DataFrame operations
Let us now discuss using DataFrame
with a practical example, using the IMDB movie dataset.
Assumming you have downloaded IMDB-Movie-Data.csv
to your current directory, let us try reading the CSV file as a DataFrame
. We will also use the column “Rank” as the index.
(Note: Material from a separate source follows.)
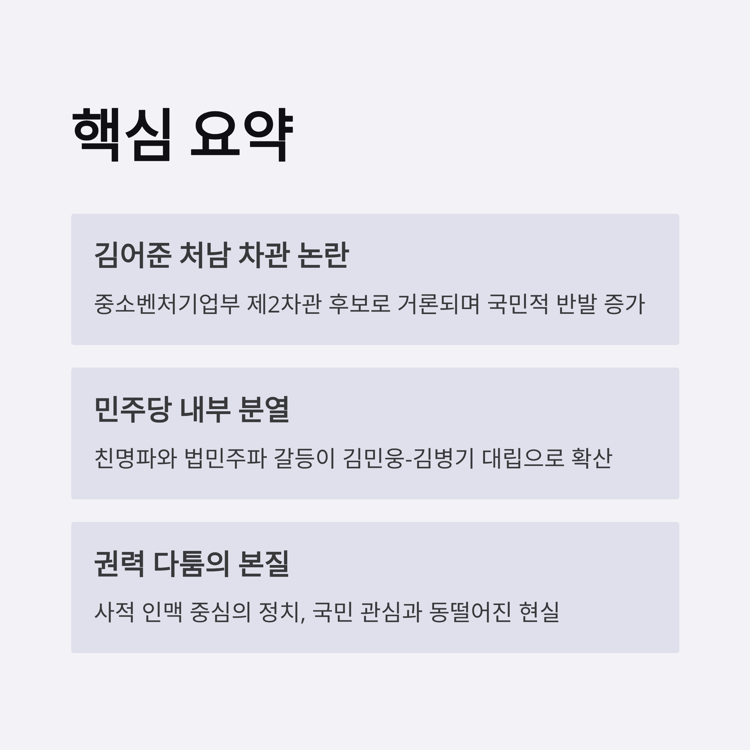 대한민국 정치는 끊임없이 새로운 사건과 논란을 만들어내며 국민들의 관심을 집중시킵니다. 최근 주목받는 두 가지 사건이 있습니다. 첫째는 김어준 처남으로 알려진 인태현 전 자영업 비서관이 중소벤처기업부 제2차관 자리에 유력 후보로 거론되고 있다는 소식입니다. 이는 정치적 인맥과 적합성 논란을 불러일으키며 국민적 반발을 사고 있습니다. 둘째는 민주당 내부 갈등이 표면화된 사건으로, 김민웅 시민단체장의 공개 발언이 김병기 민주당 원내대표를 강하게 비판한 것입니다.

df = pd.read_csv("IMDB-Movie-Data.csv", index_col="Rank")
You can use DataFrame
’s .head(N)
method to read the first N
rows (default is 5).
print(df.head())
## Title Genre ... Revenue (Millions) Metascore
## Rank ...
## 1 Guardians of the Galaxy Action,Adventure,Sci-Fi ... 333.13 76.0
## 2 Prometheus Adventure,Mystery,Sci-Fi ... 126.46 65.0
## 3 Split Horror,Thriller ... 138.12 62.0
## 4 Sing Animation,Comedy,Family ... 270.32 59.0
## 5 Suicide Squad Action,Adventure,Fantasy ... 325.02 40.0
##
## [5 rows x 11 columns]
print(df.head(3))
## Title Genre ... Revenue (Millions) Metascore
## Rank ...
## 1 Guardians of the Galaxy Action,Adventure,Sci-Fi ... 333.13 76.0
## 2 Prometheus Adventure,Mystery,Sci-Fi ... 126.46 65.0
## 3 Split Horror,Thriller ... 138.12 62.0
##
## [3 rows x 11 columns]
You can also use another column as the index. Let’s use “Title” this time!
df = pd.read_csv("IMDB-Movie-Data.csv", index_col="Title")
print(df.head())
## Rank Genre ... Revenue (Millions) Metascore
## Title ...
## Guardians of the Galaxy 1 Action,Adventure,Sci-Fi ... 333.13 76.0
## Prometheus 2 Adventure,Mystery,Sci-Fi ... 126.46 65.0
## Split 3 Horror,Thriller ... 138.12 62.0
## Sing 4 Animation,Comedy,Family ... 270.32 59.0
## Suicide Squad 5 Action,Adventure,Fantasy ... 325.02 40.0
##
## [5 rows x 11 columns]
If you want to see the last N
rows, use the .tail()
method (N
defaults to 5).
print(df.tail(3))
## Rank Genre ... Revenue (Millions) Metascore
## Title ...
## Step Up 2: The Streets 998 Drama,Music,Romance ... 58.01 50.0
## Search Party 999 Adventure,Comedy ... NaN 22.0
## Nine Lives 1000 Comedy,Family,Fantasy ... 19.64 11.0
##
## [3 rows x 11 columns]
Obtaining information about DataFrame
The .info()
method will print out useful information about the DataFrame
.
df.info()
## <class 'pandas.core.frame.DataFrame'>
## Index: 1000 entries, Guardians of the Galaxy to Nine Lives
## Data columns (total 11 columns):
## # Column Non-Null Count Dtype
## --- ------ -------------- -----
## 0 Rank 1000 non-null int64
## 1 Genre 1000 non-null object
## 2 Description 1000 non-null object
## 3 Director 1000 non-null object
## 4 Actors 1000 non-null object
## 5 Year 1000 non-null int64
## 6 Runtime (Minutes) 1000 non-null int64
## 7 Rating 1000 non-null float64
## 8 Votes 1000 non-null int64
## 9 Revenue (Millions) 872 non-null float64
## 10 Metascore 936 non-null float64
## dtypes: float64(3), int64(4), object(4)
## memory usage: 93.8+ KB
DataFrame’s .shape
and .size
attributes act just like NumPy array’s.
print(df.shape) ## (1000, 11)
print(df.size) ## 11000
The .values
attribute returns the data as a NumPy array.
type(df.values) ## <class 'numpy.ndarray'>
print(df.values) ## Too many values to display here! Try it yourself!